Pourquoi je m’appesantis sur cette sortie des blessés : tout d’abord pour démontrer qu’il peut exister plusieurs versions d’un même fait. L’histoire n’est pas une science exacte ; c’est une science hypothétique. Ensuite pour montrer l’écart qui sépare un fait avéré d’un fait imagé ou imaginé. En d’autres termes, ce qui sépare l’historique du mythique.

III. La représentation de l’incendie.

1. L’archétype : le dessin de Gustave Fraipont.

Dans tout mythe, il existe un archétype, c’est à dire une image figurative ou non que s’impose dans l’imaginaire.
Cette œuvre a été réalisée par Gustave Fraipont et est parue dans l’Illustration du 3 octobre 1914. C’est une œuvre qui se veut authentique puisque la légende indique que cette composition a été réalisée « d’après le croquis d’un témoin ».
On y voit la Cathédrale vue 3 quarts Nord-Ouest côté parvis.
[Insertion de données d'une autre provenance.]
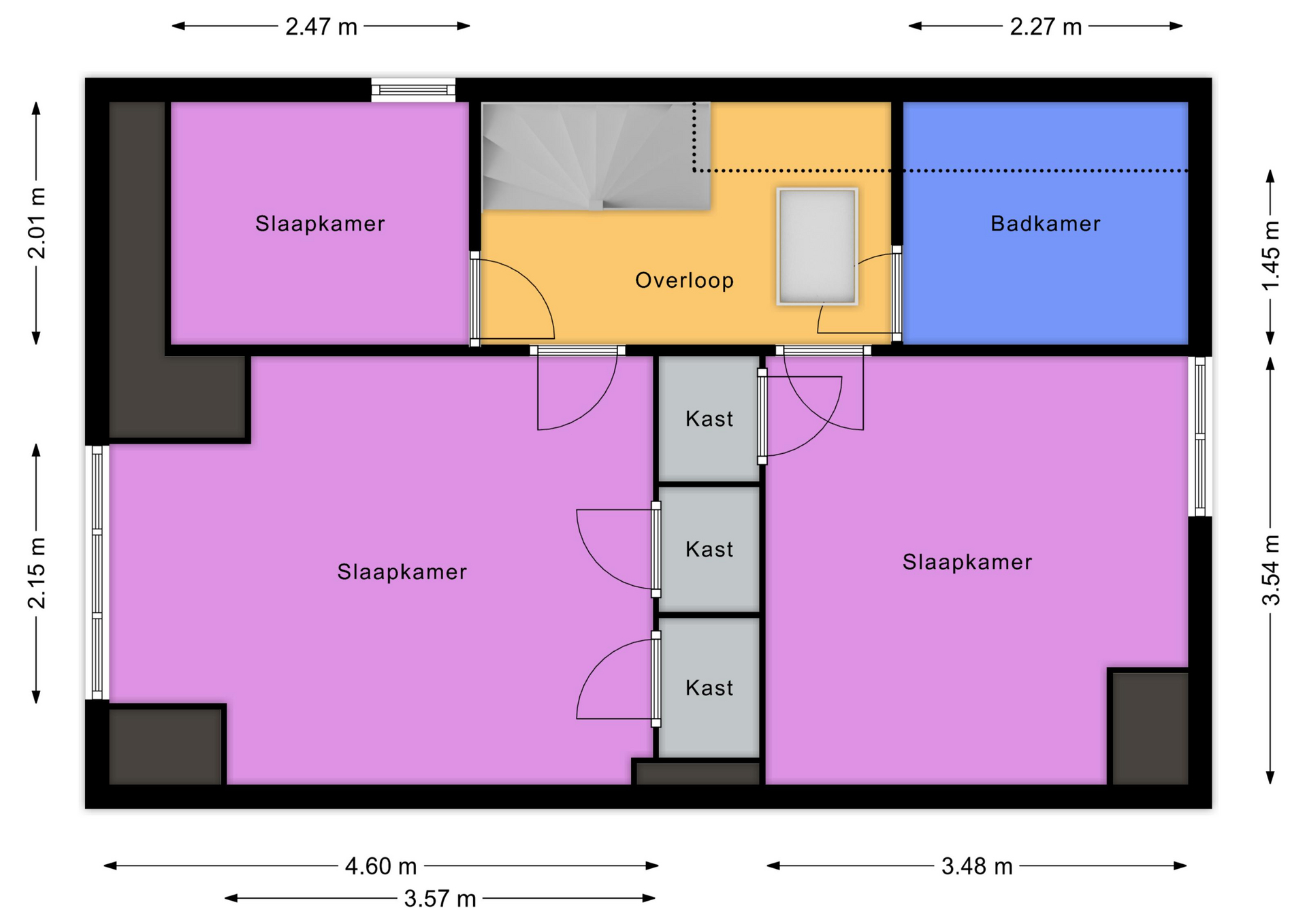 2e etage: overloop, badkamer met inloopdouche en wastafel, 3 slaapkamers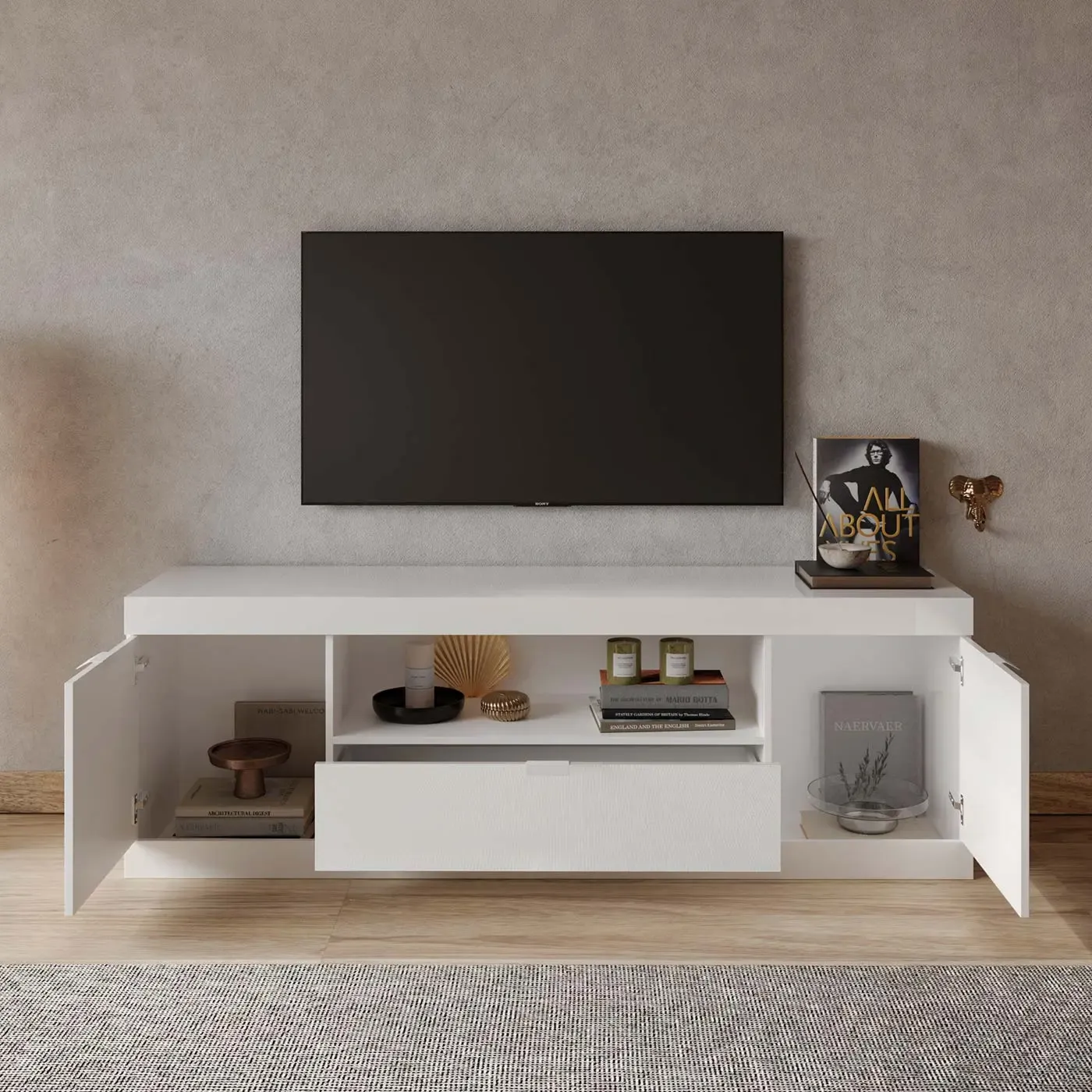 Il mobile tv prevede 2 ante, un vano a giorno superiore ed un cassetto inferiore. La suddivisione dello spazio assicura una notevole capienza per controller, dvd, telecomandi e giochi.

On peut apercevoir l’échafaudage qui ceinturait la tour nord, deux drapeaux de la Croix-Rouge sur chacune des tours et des brancardiers (probablement des militaires si l’on considère les fusils qu’ils portent) qui évacuent les blessés par le Grand Portail.
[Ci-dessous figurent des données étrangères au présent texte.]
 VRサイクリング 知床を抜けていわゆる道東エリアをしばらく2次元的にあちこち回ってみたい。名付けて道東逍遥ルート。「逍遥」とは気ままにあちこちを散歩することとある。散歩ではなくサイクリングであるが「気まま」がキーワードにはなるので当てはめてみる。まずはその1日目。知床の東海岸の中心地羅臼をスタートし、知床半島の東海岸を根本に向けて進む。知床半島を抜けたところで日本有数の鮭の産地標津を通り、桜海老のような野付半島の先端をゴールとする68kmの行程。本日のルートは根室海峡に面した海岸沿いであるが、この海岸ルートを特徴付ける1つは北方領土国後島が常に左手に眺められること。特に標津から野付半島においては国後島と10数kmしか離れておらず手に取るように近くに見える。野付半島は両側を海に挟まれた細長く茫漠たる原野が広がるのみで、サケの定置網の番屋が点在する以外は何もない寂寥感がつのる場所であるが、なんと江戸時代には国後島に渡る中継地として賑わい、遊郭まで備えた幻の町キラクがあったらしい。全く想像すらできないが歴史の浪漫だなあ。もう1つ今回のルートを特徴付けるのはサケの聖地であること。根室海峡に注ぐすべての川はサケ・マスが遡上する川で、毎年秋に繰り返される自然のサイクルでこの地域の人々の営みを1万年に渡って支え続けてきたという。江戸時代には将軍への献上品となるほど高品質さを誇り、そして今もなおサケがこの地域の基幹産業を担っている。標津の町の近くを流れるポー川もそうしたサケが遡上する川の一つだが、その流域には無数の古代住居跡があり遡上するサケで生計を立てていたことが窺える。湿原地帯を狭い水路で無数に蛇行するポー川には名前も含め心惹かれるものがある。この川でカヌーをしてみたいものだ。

2. L’imaginaire allemand occulte pour sa part complètement l’incendie.

Dans cette première carte postale toute la ville flambe mais la Cathédrale semble miraculeusement épargnée.
L’autorité allemande ne rejète pas l’incendie mais les circonstances de celui-ci. Alors que les français affirment que la Cathédrale a été détruite par pur vandalisme, les Allemands contestent en déclarant que les français ont utilisé l’édifice à des fins militaires.
Dans celle-ci, on peut voir un projecteur installé en haut de la tour nord.
Sur celle-ci un poste d’observation frauduleusement caché sous un drapeau blanc.
Et enfin dans celle-ci on voit l’artillerie française installée aux abords de l’édifice.

3. La propagande.

J’ai essayé aussi de montrer en quoi les images de l’incendie répondait aux schémas classiques de la propagande.
Selon Jean-Claude Montant, la propagande se base sur les réflexes les plus primitifs : sur ce principe, j’en ai ainsi défini trois : terroriser, ridiculiser, héroïser.
J’ai d’abord essayé de comprendre quel message profond toutes ces images pouvaient-elles bien véhiculer. C’est à dire cette mémoire qui constitue l’apogée du mythe : le mythe durable.
Essayons de résumer ce que la figure emblématique de la Cathédrale en flammes véhicule comme message.
D’une part, il apparaît une certaine forme de fascination pour l’événement : la conscience que la Cathédrale est morte glorieuse, en martyre… Ce que l’on peut qualifier de "romantisme des ruines".
D’autre part, une haine et un désir de vengeance envers l’envahisseur allemand ressort également : "la lutte de la civilisation contre la barbarie".

Conclusion :

Enfin essayons de comprendre pourquoi le mythe de la Cathédrale en flammes a disparu :
Tout d’abord pour des raisons internes au conflit, en effet, dès 1916 un nouveau mythe, celui de Verdun, prend le relais. C’est le mythe du sacrifice des poilus. Cependant il semble que le mythe de la Cathédrale martyre ressurgisse fin 1918, au moment du délicat problème du montant des réparations.
Ensuite, des raisons historiques peuvent expliquer cette disparition. Au moment de la commémoration du 80e anniversaire de l’Armistice, on a mis en évidence une certaine disparition dans la mémoire collective de la Première Guerre mondiale : la Seconde Guerre ayant supplanté la Grande Guerre.
Enfin, c’est la restauration même de l’édifice qui explique à mon avis la disparition du mythe. En effet, toute transformation apportée à un mythe entraîne à courte échéance sa disparition.
Un mythe se crée, se développe et disparaît… ou alors il accède au statut de légende.